** Supplied material follows **

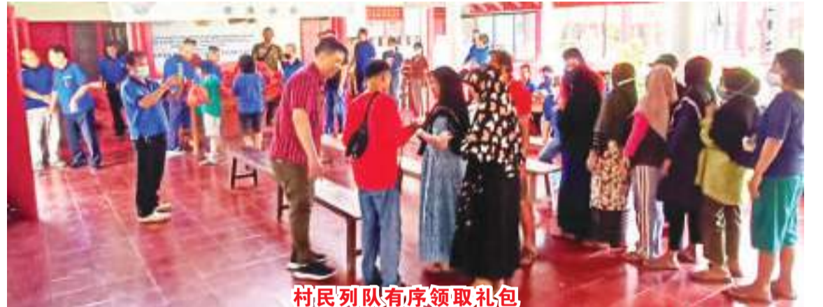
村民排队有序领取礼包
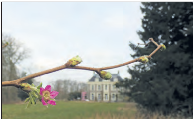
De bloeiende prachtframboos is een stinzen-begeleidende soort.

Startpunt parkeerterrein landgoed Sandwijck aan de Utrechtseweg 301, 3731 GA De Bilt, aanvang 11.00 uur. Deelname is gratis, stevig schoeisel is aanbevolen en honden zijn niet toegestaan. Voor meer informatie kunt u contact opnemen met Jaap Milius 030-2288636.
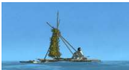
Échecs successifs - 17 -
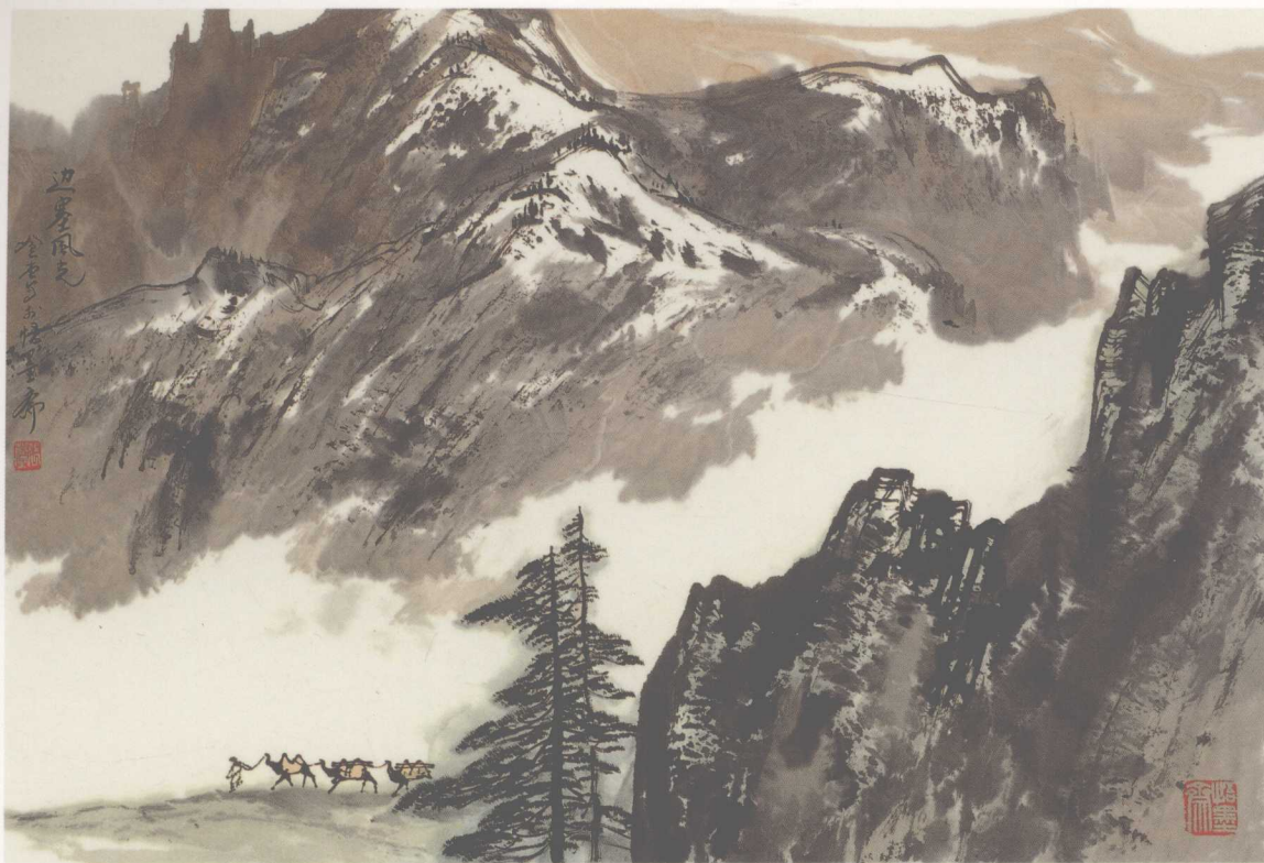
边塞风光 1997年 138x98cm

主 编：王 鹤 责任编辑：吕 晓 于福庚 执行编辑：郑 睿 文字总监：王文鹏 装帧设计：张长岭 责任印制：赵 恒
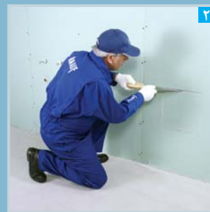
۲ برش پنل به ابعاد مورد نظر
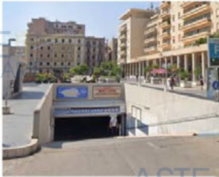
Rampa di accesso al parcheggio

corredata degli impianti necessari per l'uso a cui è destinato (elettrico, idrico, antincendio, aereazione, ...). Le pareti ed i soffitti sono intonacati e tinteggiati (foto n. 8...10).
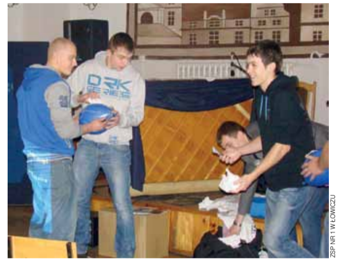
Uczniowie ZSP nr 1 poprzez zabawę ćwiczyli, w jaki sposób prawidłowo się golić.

** End of Supplied material **
** Supplied material follows **

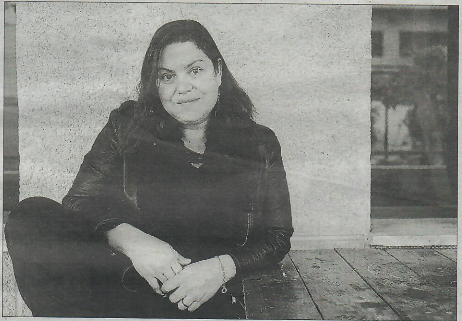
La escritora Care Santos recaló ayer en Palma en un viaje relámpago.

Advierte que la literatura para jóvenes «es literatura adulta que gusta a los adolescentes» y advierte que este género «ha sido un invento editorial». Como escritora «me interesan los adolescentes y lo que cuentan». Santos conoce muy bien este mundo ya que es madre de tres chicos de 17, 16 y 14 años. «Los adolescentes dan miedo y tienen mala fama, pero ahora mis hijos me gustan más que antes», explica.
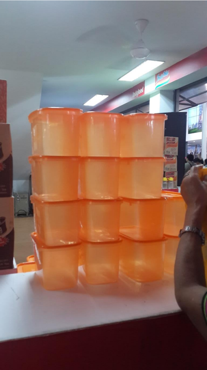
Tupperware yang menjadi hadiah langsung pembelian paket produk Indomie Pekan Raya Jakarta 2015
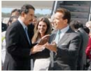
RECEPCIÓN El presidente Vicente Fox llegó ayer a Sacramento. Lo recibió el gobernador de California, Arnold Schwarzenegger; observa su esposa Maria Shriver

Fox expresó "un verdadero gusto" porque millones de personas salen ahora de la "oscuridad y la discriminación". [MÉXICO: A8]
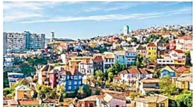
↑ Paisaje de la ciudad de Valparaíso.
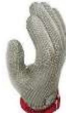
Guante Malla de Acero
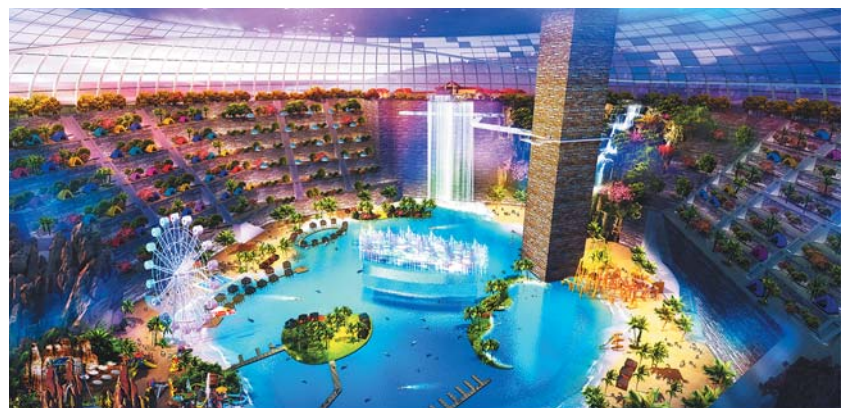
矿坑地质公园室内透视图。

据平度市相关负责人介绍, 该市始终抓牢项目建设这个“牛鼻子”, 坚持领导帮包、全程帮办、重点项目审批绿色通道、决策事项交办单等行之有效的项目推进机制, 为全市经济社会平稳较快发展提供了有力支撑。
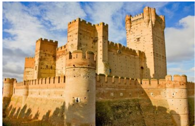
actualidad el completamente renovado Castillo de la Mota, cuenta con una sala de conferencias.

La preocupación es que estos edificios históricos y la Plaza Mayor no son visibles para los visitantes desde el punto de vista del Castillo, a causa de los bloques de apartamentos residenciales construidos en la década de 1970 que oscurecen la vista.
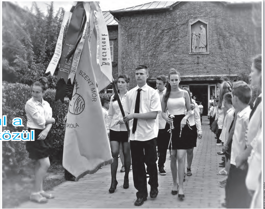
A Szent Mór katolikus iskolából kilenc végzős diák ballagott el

** End of Supplied material **

- Instructions for the task
Could you write out exactly the lines of the data above that run from the one holding "actualidad el completamente" to the one holding "A Szent Mór", with both ends in and all pictures out?

- Expected answer
actualidad el completamente renovado Castillo de la Mota, cuenta con una sala de conferencias.

La preocupación es que estos edificios históricos y la Plaza Mayor no son visibles para los visitantes desde el punto de vista del Castillo, a causa de los bloques de apartamentos residenciales construidos en la década de 1970 que oscurecen la vista.
A Szent Mór katolikus iskolából kilenc végzős diák ballagott el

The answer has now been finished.